A scenario passes only when both gates pass. An agent can fix a problem the wrong way, or follow every rule and still leave the system broken — the split catches both.

Pass rate

Verifies the end result, regardless of how the agent got there.

Ansible-based ground-truth check — after the agent finishes, an Ansible playbook inspects the host (service status, file contents, port responsiveness).

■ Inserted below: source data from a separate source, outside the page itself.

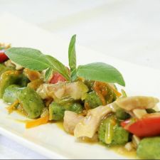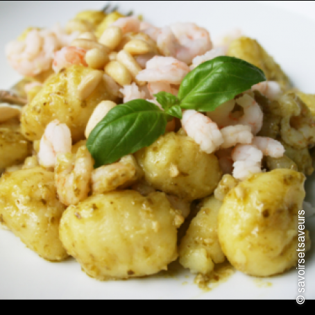 Gnocchi al pesto, gamberetti e pinoli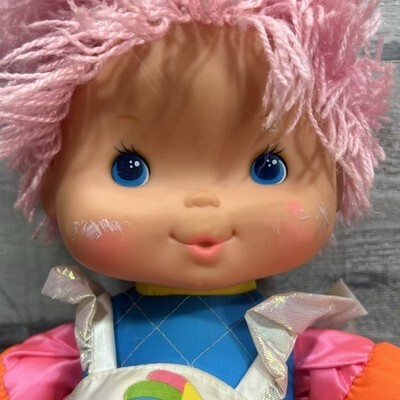 - Vtg Rainbow Brite Baby Doll blue & yellow body with pink shorts with star 1983
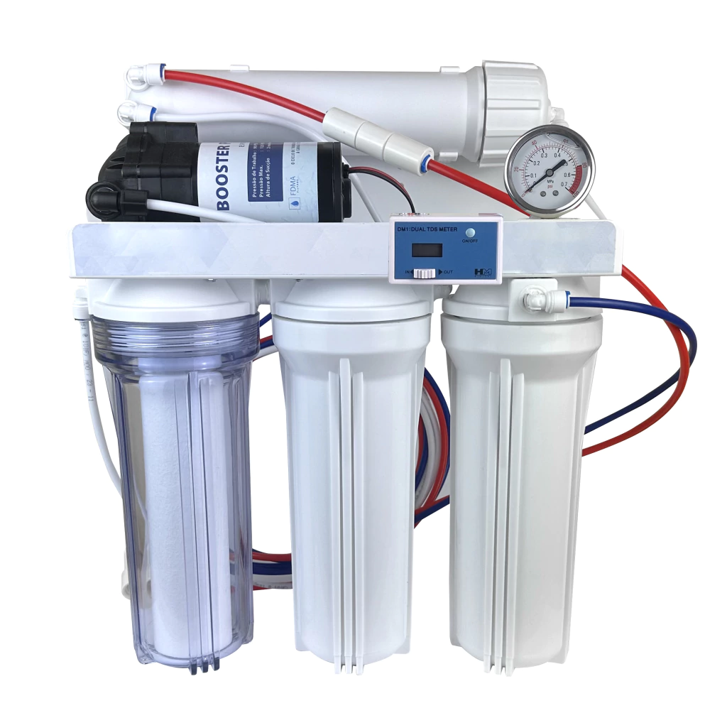 Filtro de Osmose Reversa automatizado 100gpd, produz água zerada para aquários marinhos, farmácias, laboratórios, hospitais, metalização e outros meios que necessitam de água zero minerais. Esse aparelho também é automatizado e com reservatório, ou seja, não é o modelo manual, todo o processo de filtragem é feita de forma automática, quando o reservatório enche o filtro desliga automaticamente. A Osmose Reversa é um processo de separação por alta pressão através de membranas. A água é forçada a passar por membranas com pequenos poros de filtração medem de 0,000001 a 0,0000001 mm com pressões entre 100 e 150psi. As moléculas maiores que os poros são descartados no processo juntamente com uma quantidade de água. Método é cientificamente comprovado para tratamento da água e retirada de agentes poluentes como: vírus e bactérias, cloro, hormônios (provenientes de anticoncepcionais), pesticidas, fungicidas, metais pesados (como o bário, cádmio, cromo, chumbo e mercúrio). Fase 1: - Refil pré filtro de Polipropileno (1 micra - um grão de areia tem entre 200 a 500 micra). - Função: filtragem de componentes físicos, como: ferrugem, lama, sedimentos, etc. Fase 2: - Refil Carvão Block. - Função: retirar completamente mau cheiro, gostos e o cloro da água. Fase 3: - Membrana RO 100GDP (0,0001 micra). - Função: refil com poros microscópicos para purificação, com a capacidade de reter metais pesados, contaminantes químicos, vírus, bactérias, protozoários, algas, sais, fluor e outros. Fase 4: - Refil de Resina mista MB400 Purolite (ânions e cátions). - Função: deionização da água (reduzir a condutividade) Características: - O sistema é pressurizado para garantir a passagem da água pela membrana de osmose reversa. - O sistema é automatizado não é necessário abrir e fechar o registro e nem desligar bombas e outros equipamentos, tudo funciona automaticamente Benefícios: - Aparelho Automatizado com reservatório - Retenção de ferrugem, lama, sedimentos, etc. - Elimina cloro, cheiros, gostos, agentes químicos. - Retém vírus, bactérias, protozoários, metais pesados, contaminantes químicos e outros. Dimensões: - Altura: 46cm - Largura: 20cm - Comprimento: 42cm Dimensões do Reservatório: - Diâmetro: 41cm - Altura: 58cm - Conexão 1/4" Descritivo Técnico: - Fabricante: FDMA Filtros - voltagem: Bomba Bivolt - Reservatório Pressurizado de 40 Litros - Produção de água pura: 16 l/h - Peso do aparelho: 9,800kg Elementos Filtrantes: - Polipropileno 5 micras (um grão de areia tem entre 200 a 500 micra). - Carvão Block 5 micra. - Membrana RO 100GDP (0.0001 micra). - Resina mista MB 400 (ânions e cátions).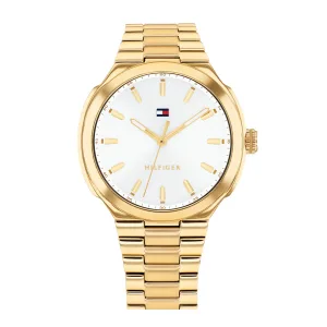 Tommy Hilfiger goudenkleurige dames horloge met witte wijzerplaat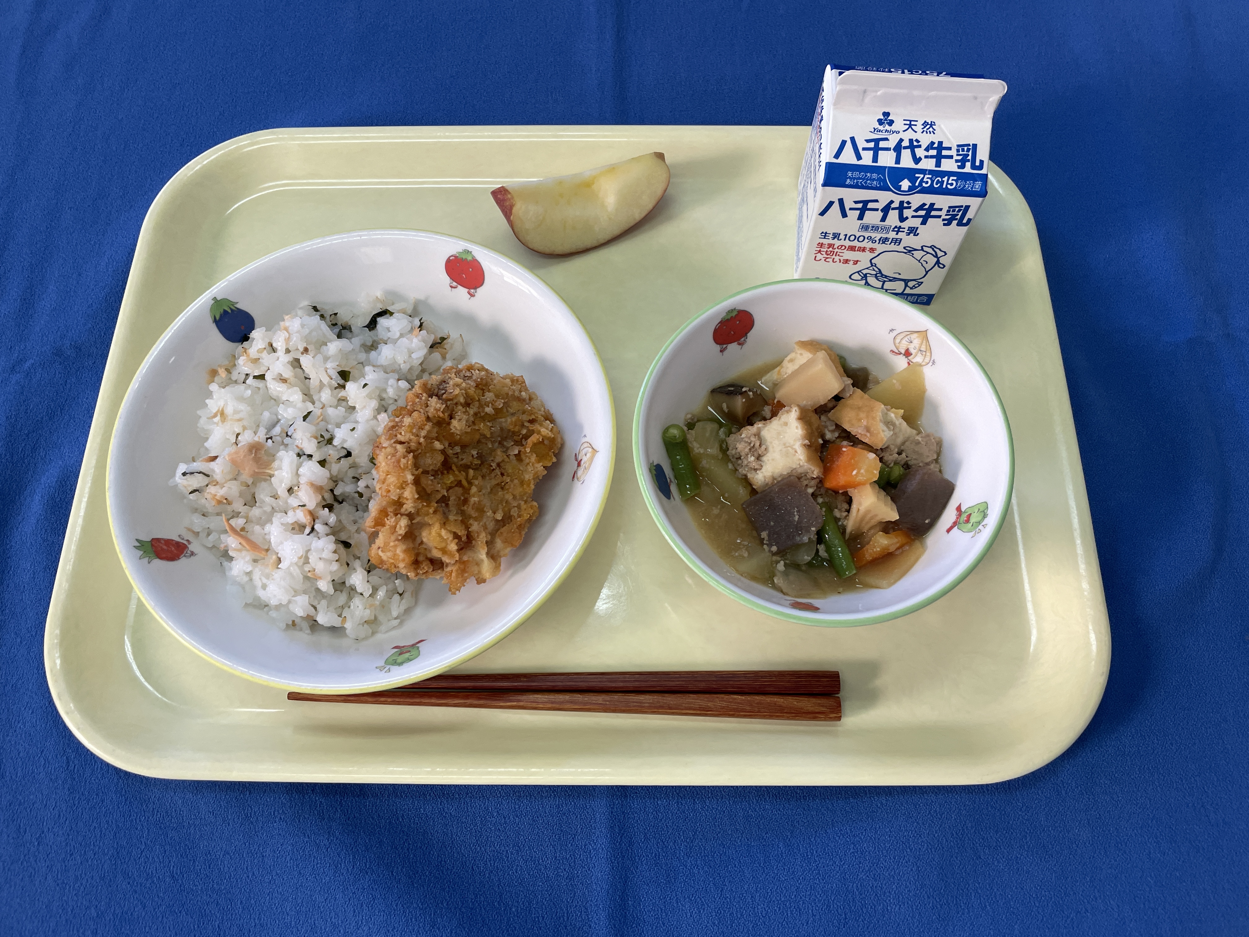 鮭わかめご飯 鶏肉のコーンフレーク揚げ 生揚げの肉味噌煮 りんご 牛乳 |
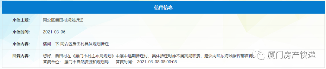 后田村在《厦门市村庄布局规划》中属中远期拆迁村。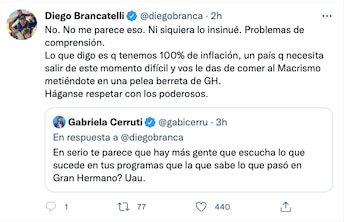 La portavoz le respondió en tono irónico: “¿En serio te parece que hay más gente que escucha lo que sucede en tus programas que la que sabe lo que pasó en Gran Hermano? Uau”. El periodista respondió: “No. No me parece eso. Ni siquiera lo insinué. Problemas de comprensión. Lo que digo es que tenemos 100% de inflación, un país que necesita salir de este momento difícil y vos le das de comer al macrismo metiéndote en una pelea berreta de GH. Háganse respetar con los poderosos”.
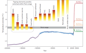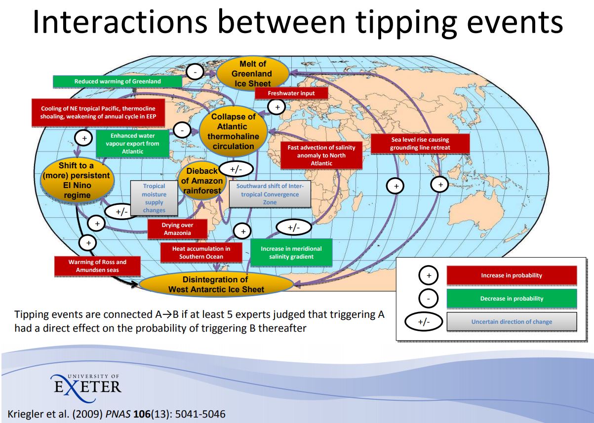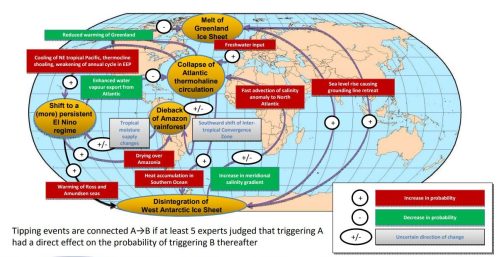 Es decir: algunos tipping points han sido ya rebasados (ver más adelante). Son irreversibles en la práctica y, su activación provoca un efecto dominó que conduce a que, sin remedio, el sistema Tierra se reorganice completamente y que su aspecto y habitabilidad esté condenada a desaparecer tal como hoy la conocemos.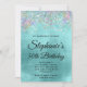 Holo Glitter Pale Aqua Blue Foil Fancy Monogram Invitation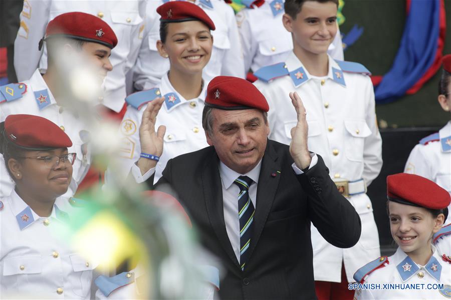 El presidente brasile?o, Jair Bolsonaro (c-abajo), posa durante una ceremonia en conmemoración del Día del Ejército, en Brasilia, Brasil, el 17 de abril de 2019. De acuerdo con información de la prensa local, Bolsonaro expresó su deseo de que todas las escuelas en el país sean iguales a las del Ejército, durante la ceremonia en la que se llevó a cabo un desfile de las fuerzas castrenses así como de estudiantes de colegios militares. (Xinhua/Lucio Tavora)

Most reliable.
Output-based check — if there’s nothing to verify on the host (e.g. for pure investigation tickets), measure the quality of the report.

Compliance

Verifies the agent did it the way you expected.

Which actions were taken
Which tools were used (and which weren’t)
Specific words in the task summary
Which operational rules were injected
How many tasks the job needed

Compliance lets auditors confirm agents follow company practice — useful for regulated industries.

Automation

The benchmark runner can execute scenarios on a regular schedule. Results land in Command Center → Benchmarks with pass rate, compliance, and trends over time, so you can spot regressions early. Recommended cadence: weekly nightly run of your full scenario suite, plus per-PR runs of the scenarios touching changed specialties or rules.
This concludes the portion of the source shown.